A lot of kids born around the early 90's played Oregon Trail, but for me another MECC/Learning Company game, Amazon Trail, was always more my jam; namely this installment which you may remember being in your cereal box. I got my start in video games in the mid 90’s by playing PC edutainment games, which included this one, so I have a fondness for it and does hold it up pretty well nostalgia aside; it’s an engaging game that does a bang up job merging learning about the Amazon with its mechanics, so much so it still works for adults.

Amazon Trail 3 has more simplified resource management than Oregon Trail as exploration and interacting with characters is given far more importance and I think that it’s to its benefit. I always felt Oregon Trail to be really bland but Amazon Trail really deep dives into the Amazon as an ecosystem and its history, having you explore the flora and fauna as you take pictures of them and go harpoon fishing as well as interacting with the people of the region across the centuries, such as many of the local people and historical figures such as Teddy Roosevelt and Tupac Amaru II. Your main goal is similar to the original Amazon Trail, you have been summoned by the Ancient Ones to canoe up the Amazon from the Brazilian port city of Belem to Vilcabamba, one of the last refuges of the Incas in the Peruvian Andes, which will take you across centuries of the Amazon’s history. Unlike the first game though, there is no hard time limit. You can take as long as you want to get to Vilcabamba, the only thing you lose out on is a higher score.

You spend a good chunk of the game sailing up the Amazon and making sure you go the proper way. Food collection is also an important aspect as you can either harpoon fish which its own mini-game, or explore the rainforest for edible plants. As stated you can also take pictures of animals and that’s fun, though completely optional. Some of the animals are kind of rare and you might spend a good deal of time going back and forth to get them to spawn, which can be kind of annoying. Once you successfully go up a part of the Amazon you’re taken to a different time period and interact with people where you can trade with them or engage in missions there where you can get a piece of The Jaguar Spirit’s shield, such missions include identifying fish and insects, hearing legends of the locals, or helping people in need. The people are played by live actors in FMV style and they're delightfully cheesy at times. The game's got a strong atmosphere with quite a banger of a soundtrack too.

Some of its themes and messages are at odds with each other though having come back to it as an adult. This is notable because of how strongly the game revolves around its environmentalist message about the sheer importance that the Amazon as an ecosystem has on the world as essentially that is what the Ancient Ones has sent you on this journey to teach you as well as also how the game gives a great focus to the native tribes and sides with them most of the time against colonialism both classic and neo. It casts infamous conquistador Lope de Aguirre as a brutal monster who can't be reasoned with and has to be defeated through potentially killing him, but then later on in the game commends you for helping a similar band of conquistadors by giving them food after they just jovially boasted to you about how they just recently murdered a bunch of natives in their raids for supplies. There is also a part of the game where it tries to both sides an oil corpo trying to take native lands for drilling, but still seems to side with the natives even though it does this whole weird neo-lib song and dance of not outright committing to a strong statement? It’s odd and especially discordant when I was playing it while the Amazon was on fire a year ago. Definitely feel likes a product of 90’s America, both good and bad. This is also the like the only real flaw I can think of that the game has too so that’s why I also brought it up.

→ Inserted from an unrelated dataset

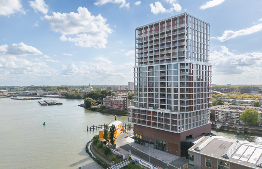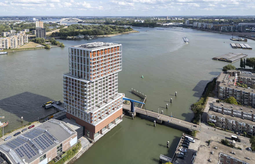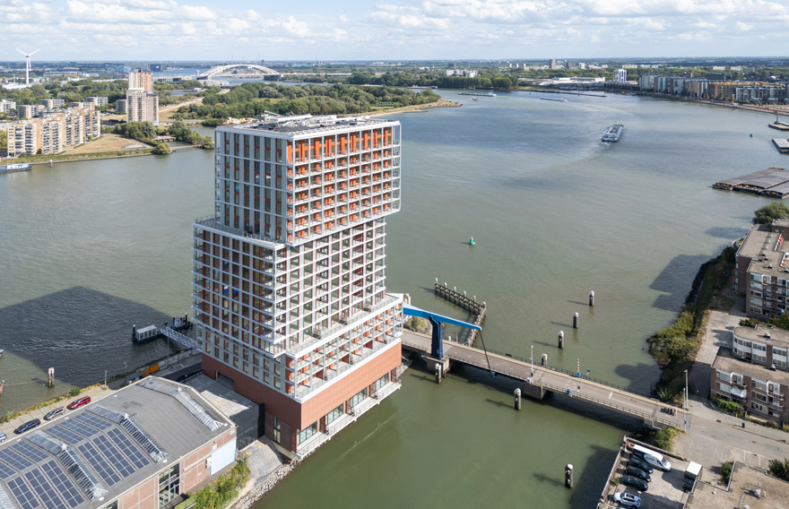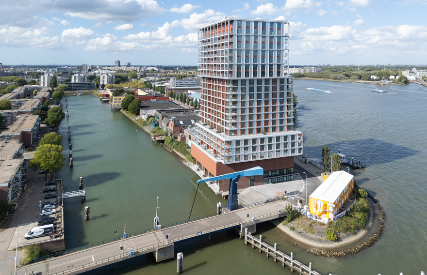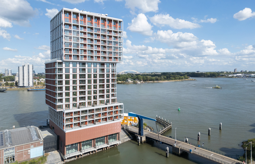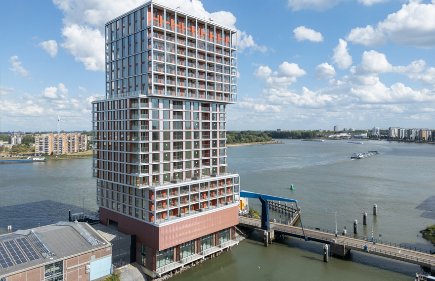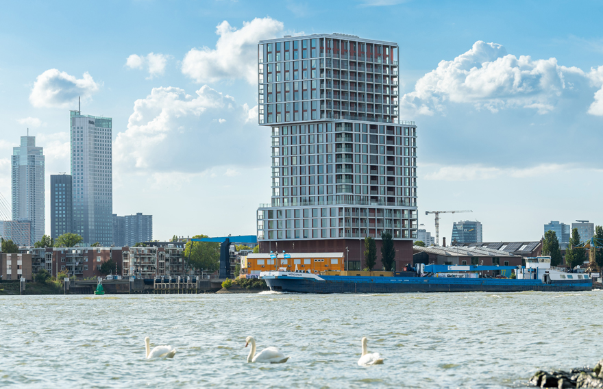 De twee verdiepingen worden verbonden door een glazen gevel, die een zee van licht naar binnen brengt. Of je nu boven of beneden bent, staat te koken, op de bank zit of ’s ochtends de gordijnen van je slaapkamer opent: elke keer dat je je hoofd richting raam draait is er dat wow-effect. En stap je via je glazen pui je balkon op, dan reikt je zicht nóg verder. Aan de zuidzijde zie je de Maas stad uit kronkelen. En aan de noordzijde is het alsof je de toppen van al die Rotterdamse iconen bijna kunt aanraken.

Overall Amazon Trail 3 is a great edutainment game that really holds up and it’s something we really don’t see much of any more in modern gaming. Sucks that it hasn’t been rereleased though because it deserves to be played.

Simultaneously super ahead of its time while also being the weirdest shit ever. The animal maniac in me loved it. Fishing and photographing different animals was the highlight. Talking and trading with the NPCs was a nightmare.